Alternate version of the exercise
• Go to www.rcsb.org
• or search PDB in Google
• Search 1gcn
• Search 3hhb
• Search 1vm3
• Click ‘Display Files’
• Explore ‘PDB Format’
Need More info?
• Check the following links…
• Introduction to PDB Data
• http://pdb101.rcsb.org/learn/guide-to-
understanding-pdb-data/introduction
Ramachandran Plot
• A special way for plotting
protein torsion angles was also
introduced by Ramachandran
and co-authors, and was
subsequently named the
Ramachandran plot.
• The Ramachandran plot
provides an easy way to view
the distribution of torsion
angles in a protein structure.
• The two torsion anglesdescribe
the rotations of the
polypeptide backbone around
the bonds between N-Cα
(called Phi, φ) and Cα-C (called
Psi, ψ).
• Torsion angles are among the most important
local structural parameters that control protein
folding - essentially, if we would have a way to
predict the Ramachandran angles for a particular
protein, we would be able to predict its fold.
• The torsion angles phi and psi provide the
flexibility required for the polypeptide backbone
to adopt a certain fold, since the third possible
torsion angle within the protein backbone (called
omega, ω) is essentially flat and fixed to 180
degrees.
• The horizontal axis shows φ values, while the vertical shows ψ
values.
• Notice that the counting starts in the left hand corner from -180
and extend to +180 for both the vertical and horizontal axes.
• Each dot on the plot shows the angles for an amino acid.
• This allows clear distinction of the characteristic regions of α-
helices and β-sheets.
• The regions on the plot with the highest density of dots are the
so-called “allowed” regions, also called low-energy regions.
• Some values of φ and ψ are forbidden since the involved atoms
will come too close to each other, resulting in a steric clash.
• For a high-quality and high resolution experimental structure
these regions (generously allowed and disallowed) are usually
empty or almost empty - very few amino acid residues in
proteins have their torsion angles within these regions.
• But there are sometimes exclusions from this rule - such values can be
found and they most probably will result in some strain in the polypeptide
chain.
• In such cases additional interactions will be present to stabilize such
structures. They may have functional significance and may be conserved
within a protein family.
• Another exception from the principle is the torsion angle distribution for one
single residue, glycine.
• Glycine does not have a side chain, which allows high flexibility in the
polypeptide chain, making otherwise forbidden rotation angles accessible.
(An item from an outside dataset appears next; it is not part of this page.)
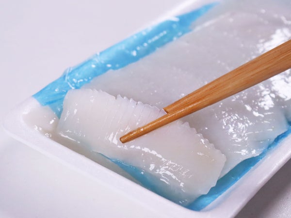 生食用のアメリカオオアカイカ(ペルーイカ)を8gにスライスしました。食べやすくスリットを入れてあります。寿司・刺身におすすめです。

• That is why glycine is often found in loop regions, where the polypeptide
chain needs to make a sharp turn.
• This is also the reason for the high conservation of glycine residues in
protein families, since the presence of turns at certain positions is a
characteristic of a particular fold of a structure.
• Another residue with special properties is proline, which in contrast to
glycine fixes the torsion angles at a certain value, very close to that of an
extended β-strand.
• Proline is often found at the end of helices and functions as a “helix
disruptor”.
Structure Quality Assessment
• In cases when the protein X-ray structure was not properly
refined, and especially for bad or wrong homology models,
we may find torsion angles in disallowed regions of the
Ramachandran plot − this type of deviations usually
indicates problems with the structure.
• Based on this, the Ramachandran plot is usually used in
assessing the quality of experimental structures or
homology models.
• Torsion angles outside the low-energy regions, whenever
observed, should be carefully examined.
• They may indicate problems in the structure, but they may
also be true and may provide some interesting insights into
the function of the protein.
Red indicates low-energy regions and allowed regions; yellow
allowed regions, pale yellow the so-called generously-allowed
regions and white marks disallowed regions. A: Good, B: Bad.
Exercise – Ramachandran Plot
RAMPAGE can be accessed from
http://mordred.bioc.cam.ac.uk/~rapper/rampage.php
Procheck can be accessed through PDBSum http://www.ebi.ac.uk/thornton-
srv/databases/cgi-bin/pdbsum/GetPage.pl?pdbcode=index.html
Upload a PDB file by clicking the ‘Browse’ button.
Provide an email ID to receive the results in email.